Stability Theory of Solitary Loops Propagating Along Euler’s Elastica

Abstract

The problem of dynamic stability of twist free solitary wave solutions of the equations describing oscillations of an inextensible elastic rod (Euler’s elastica) is treated. The governing equations describe sufficiently large displacements, though we are restricted to small strains. We show that under the condition of well-posedness of the initial value problem (in some specific sense) the family of solitary wave solutions is nonlinearly stable for two-dimensional perturbations not coming out from the plane of principal bending. The framework of the analysis is largely based on the spectral properties of the “linearized Hamiltonian” \({\mathscr {H}}\). We show that for planar perturbations \({\mathscr {H}}\) is positively semidefinite subject to a certain constraint, which implies the orbital stability.
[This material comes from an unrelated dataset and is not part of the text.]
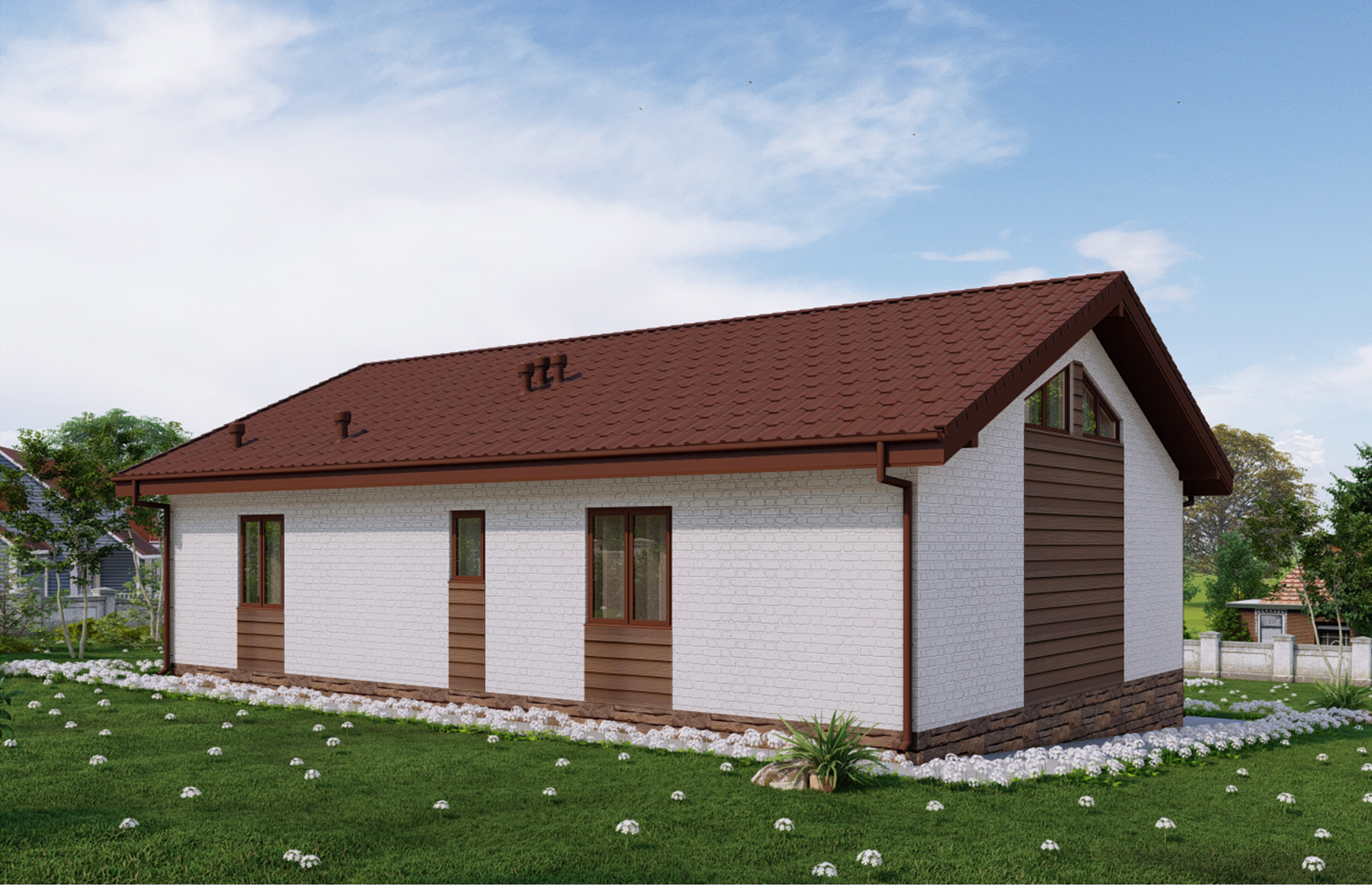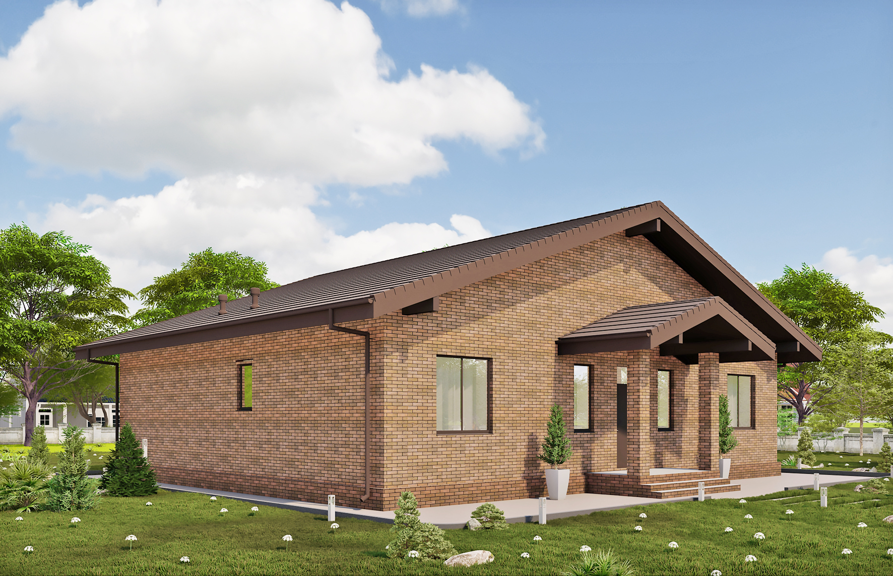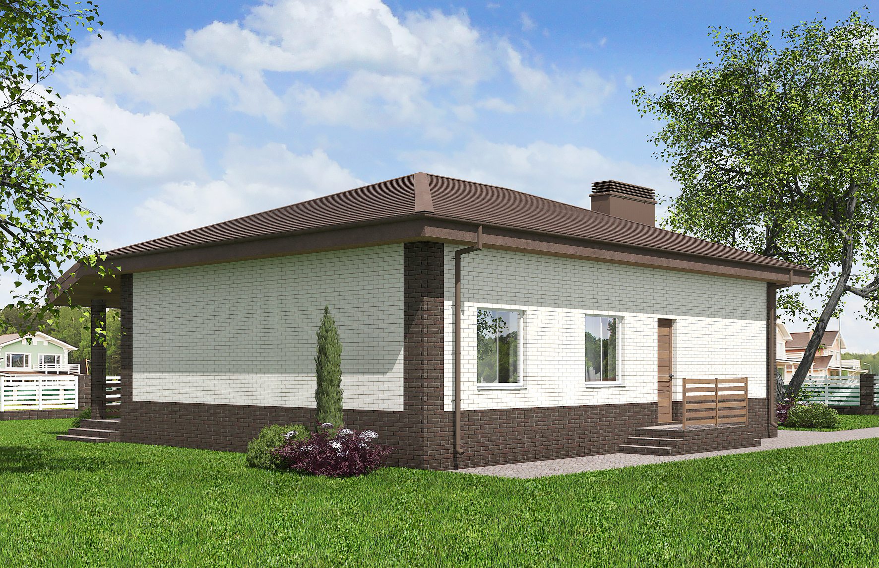 Одноэтажный дом 8 10 с террасой 115 фото
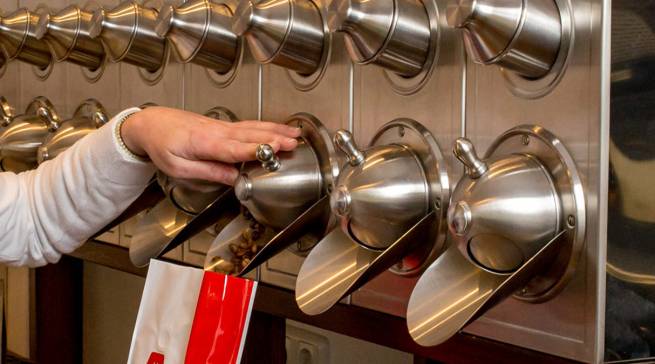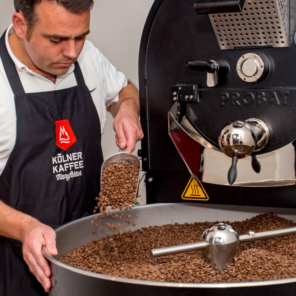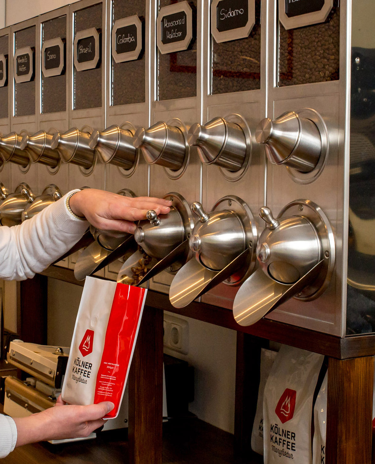 Damit das funktioniert, kommt ein weiterer Genuss-Experte ins Spiel. Georg Hempsch hat vor einigen Jahren zusammen mit seiner Frau Meike im Kölner Westen die „Kölner Kaffeemanufaktur“ gegründet. Die hat sich schnell auch über die Stadtgrenzen hinaus einen Namen gemacht. Neun verschiedene Röstungen von Hempsch (mit dem weißen Logo des Kölner Doms auf rotem Grund) führt „esperto“ im Sortiment. Und die sind fast wie „geschnitten Brot“ gefragt. „Der Kölner ist selbstverliebt. Alle Produkte, die den Kölner Dom zeigen, sind gut“, schmunzelt Caspari.

We consider also the case of perturbing the solitary wave by three-dimensional spatial perturbations. As a result of linearization about the solitary wave solution, we obtain an inhomogeneous scalar equation. This equation leads to a generalized eigenvalue problem. To establish the instability, we must verify the existence of an unstable eigenvalue (an eigenvalue with a positive real part). The corresponding proof of the instability is done using a local construction of the Evans function depending only on the spectral parameter. This function is analytic in the right half of the complex plane and has at least one zero on the positive real axis coinciding with an unstable eigenvalue of the generalized spectral problem.